Part of what helps selling that is providing clear upgrades in performance from the old to the new. Personally I think PS6 (and Microsoft's 10th-gen whatever it's called) will be a lot more performant than 25 or so TF; not so much in terms of raw numbers but in technologies they'll have for offloading a lot of tasks that'd otherwise require raw compute, to dedicated silicon integrated into the designs. Although, that could be a bit less so in Microsoft's case unless they could push some of that type of work to PC space en masse (or, if they can get develop equivalent algorithms for that stuff that scale with general compute on the GPU, they could do both).
Moore's law is slowing down, game development time is increasing. I really think the generations can afford to last longer - something like 10 years rather than 6 - and adequately powerful mid-gen consoles are the way to achieve that IMO.
Oh goodness, I hope it's not 10 years xD. I do agree Moore's Law is slowing down, but there are some innovative approaches that can be taken to combat it. In some ways, those approaches are already being done, though some are in growing pains.

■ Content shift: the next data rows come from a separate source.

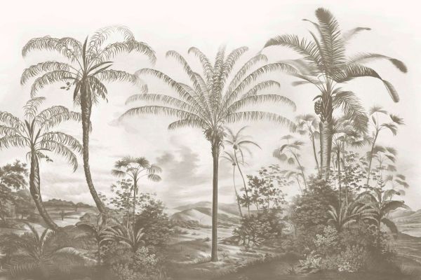 Eine zurückhaltende tropische Szenerie mit ruhigen Taupe- und Beigetönen, die eine warme, neutrale Basis schaffen. Die sanften Konturen von Palmen und Hügeln verleihen einen subtilen, eleganten Charme.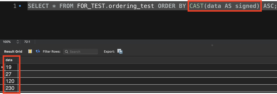 이 쿼리를 실행하면, data 컬럼의 타입이 INT였을 때와 같은 결과가 나온다. 일시적으로 signed로 변환되었기 때문이다.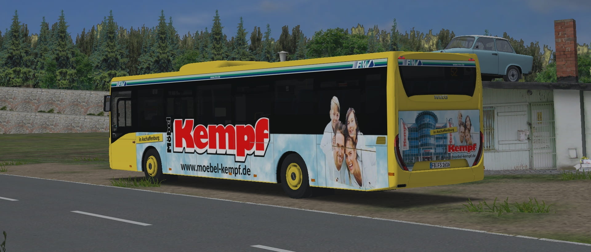 Im April 2017 erhielt der auf den Linien 51 und 52 eingesetzte Wagen 1616 eine Band- und Heckwerbung des Möbelhauses Kempf in Aschaffenburg.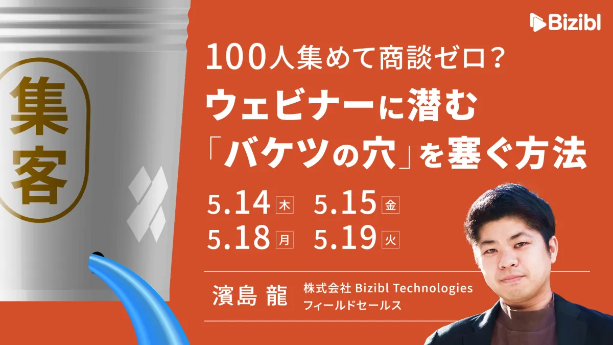 - - ウェビナー名: 100人集めて商談ゼロ?ウェビナーに潜む「バケツの穴」を塞ぐ方法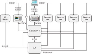 典型的AC/DC電源測試系統(tǒng)包含了程控交流電源、程控電子負載、高精度數(shù)字萬用表、數(shù)字示波器、多通道程控開關(guān)以及工控機和測試軟件。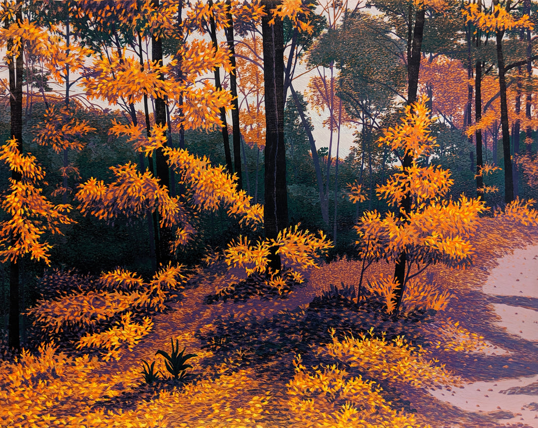 Gordon Mortensen (b. 1938, American) is one of the best known reduction woodcut print artists working in the U.S today. He works from watercolor studies to understand the color dynamics needed for the woodcut. The artist uses up to sixty-four colors and takes as long as three months to create the woodblock image. Although the final outcome has a painterly feel, it is unmistakably a woodcut with rich layered colors and wood grain textures. His early images mostly represent the upper Midwest landscape, and areas around where he lived in North Dakota. His color preferences in these early works is more muted compared to the brighter colors he favors to present his current home in California.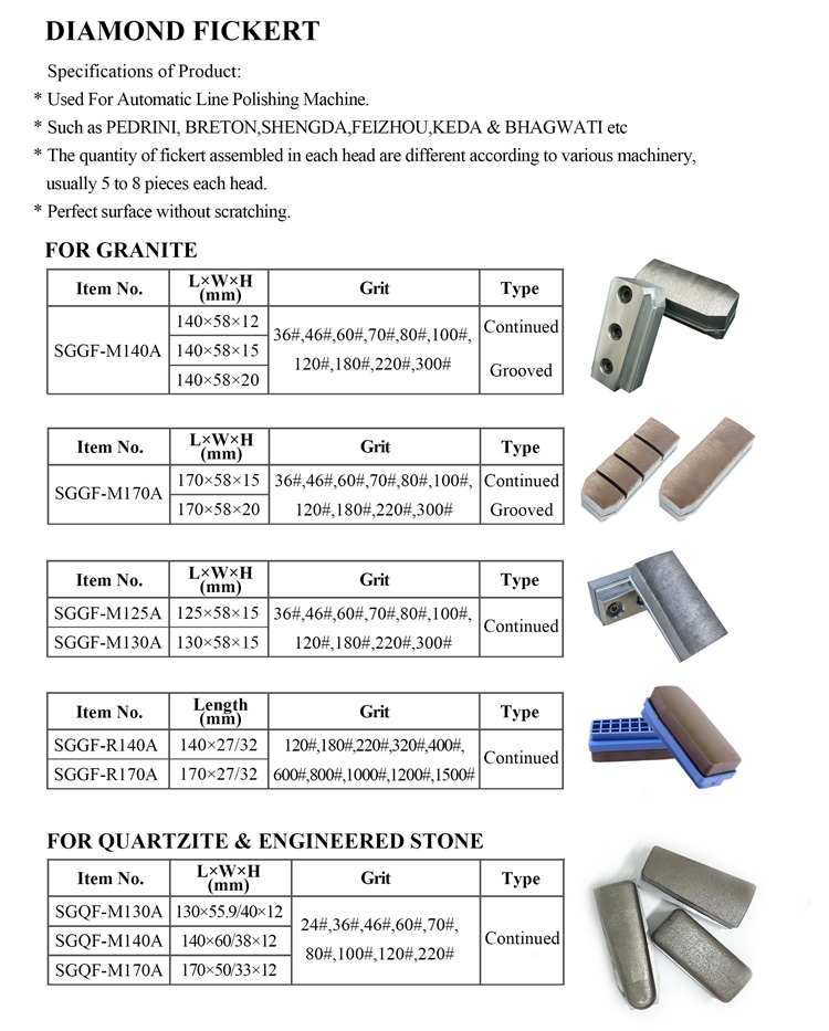 SANG Diamond Tools предлагает высококачественные алмазные фикерты на металлической связке диаметром 140 и 170 мм, специально разработанные для шлифования и калибровки гранитных поверхностей. Наши фикерты, разработанные для длительного срока службы, высокой точности шлифования и стабильной производительности, идеально подходят для автоматических полировальных линий и ручных станков.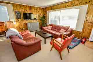This cozy suite will comfortably sleep 8 people with 4 queen beds in 2 separate bedrooms, full kitchen with microwave, refrigerator, stove/oven and a full bathroom. All basic kitchen cutlery is provided. This suite has its own private outdoor front porch for guests to enjoy during any season. 2 flat screen televisions with premium channels and complimentary wifi is provided. This property is part of The Lamplighter Cabins & Suites.

Game dev time and costs are something that REALLY need to be dealt with sooner rather than later. New funding models, big growth in AI models to assist with programming GPT-style (and asset generation), will be the two biggest ways of doing so.
The latter, though, well there's an ethical line to keep in mind because you'll still need a human element present to curate what the AI creates, specialize it etc. But devs also need to ensure they don't have entire workforces replaced with automation, like what's happened to the car industry.
Anyway that's all talk going way off onto another tangent xD.